*Dataset extract*:
[Start of section]

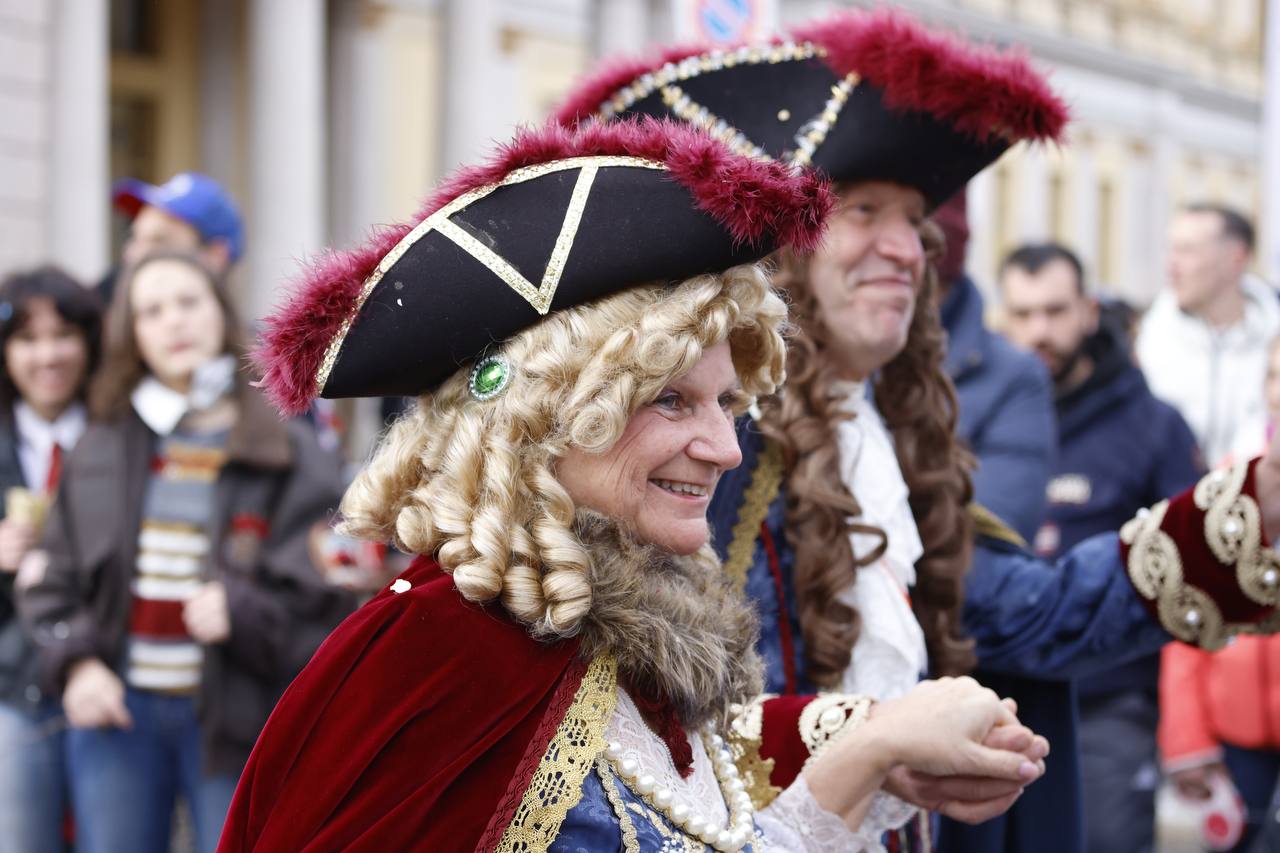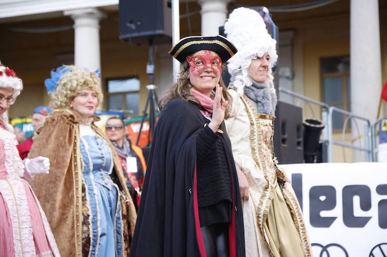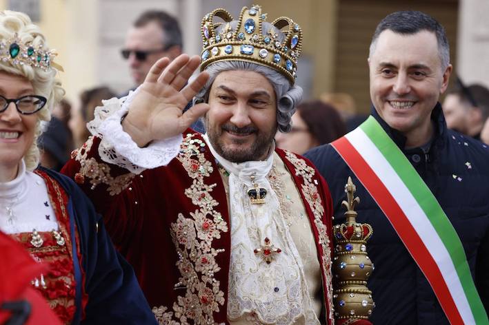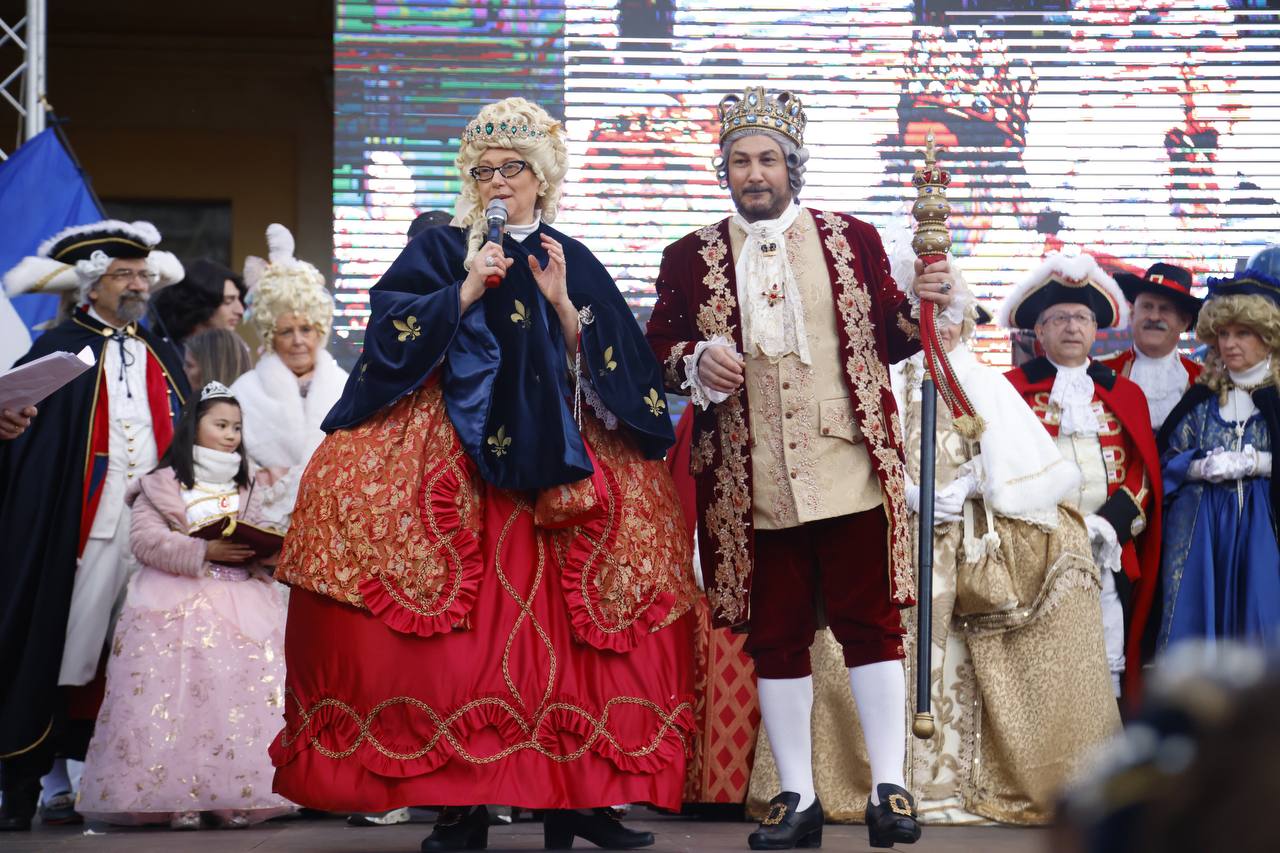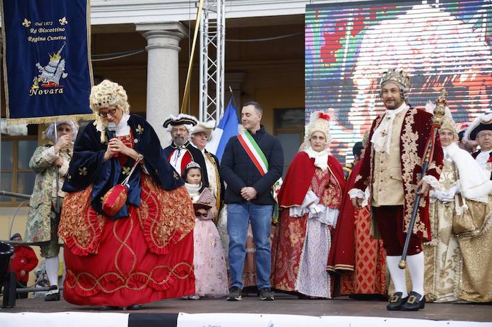Il lungo corteo mascherato si è aperto con in testa i "reali" novaresi, Re Biscottino e la Regina Cunetta.
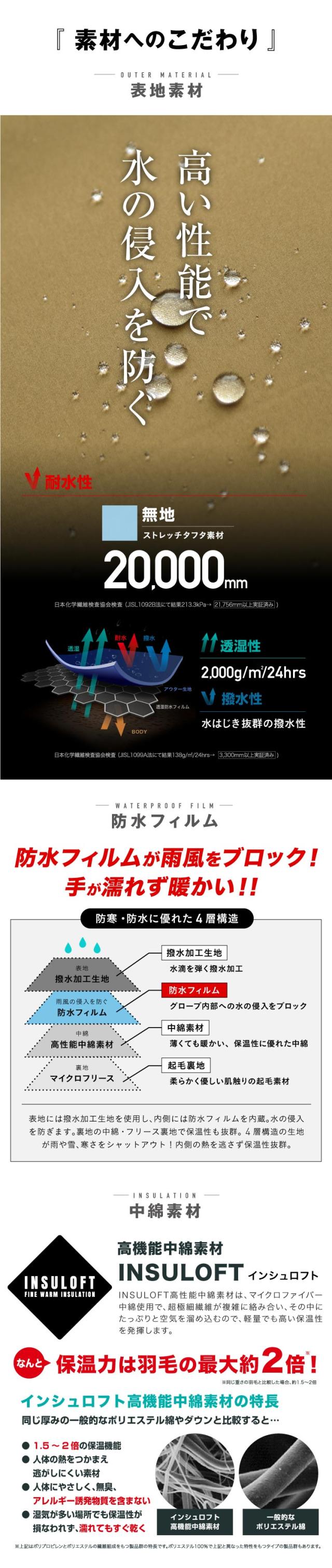 素材へのこだわり:耐水性・透湿性・撥水性に優れた透湿防水素材
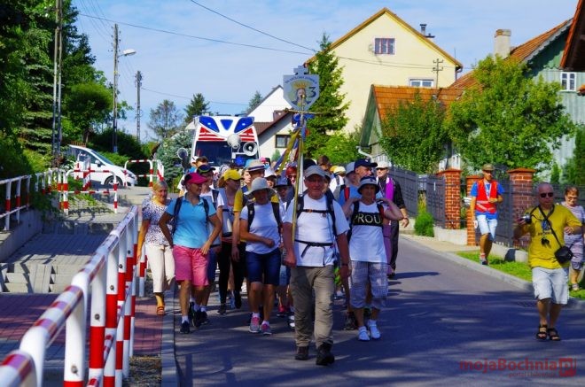 Nasze pielgrzymowanie rozpoczęliśmy o 7:30 Mszą Świętą w kościele pw. św. Pawła Apostoła w Bochni, której przewodniczył ks. Tomasz Skotniczny – główny przewodnik całej naszej pielgrzymkowej wspólnoty. Po Mszy swoje kroki skierowaliśmy ku Bazylice pw. Świętego Mikołaja, gdzie zawierzyliśmy się opiece Matki Bożej Różańcowej. Pod eskortą policji dotarliśmy do mostu wiszącego nad Rabą, po którego przekroczeniu pożegnaliśmy Bochnię.

[End of section]

*What the task requires*:
Every line from the one holding "素材へのこだわり:耐水性・透湿性・撥水性に優れた透湿防水素材" through the final line of the data above is to be reproduced exactly, both ends included, with the pictures left out.

*Solution to this task*:
 素材へのこだわり:耐水性・透湿性・撥水性に優れた透湿防水素材
 Nasze pielgrzymowanie rozpoczęliśmy o 7:30 Mszą Świętą w kościele pw. św. Pawła Apostoła w Bochni, której przewodniczył ks. Tomasz Skotniczny – główny przewodnik całej naszej pielgrzymkowej wspólnoty. Po Mszy swoje kroki skierowaliśmy ku Bazylice pw. Świętego Mikołaja, gdzie zawierzyliśmy się opiece Matki Bożej Różańcowej. Pod eskortą policji dotarliśmy do mostu wiszącego nad Rabą, po którego przekroczeniu pożegnaliśmy Bochnię.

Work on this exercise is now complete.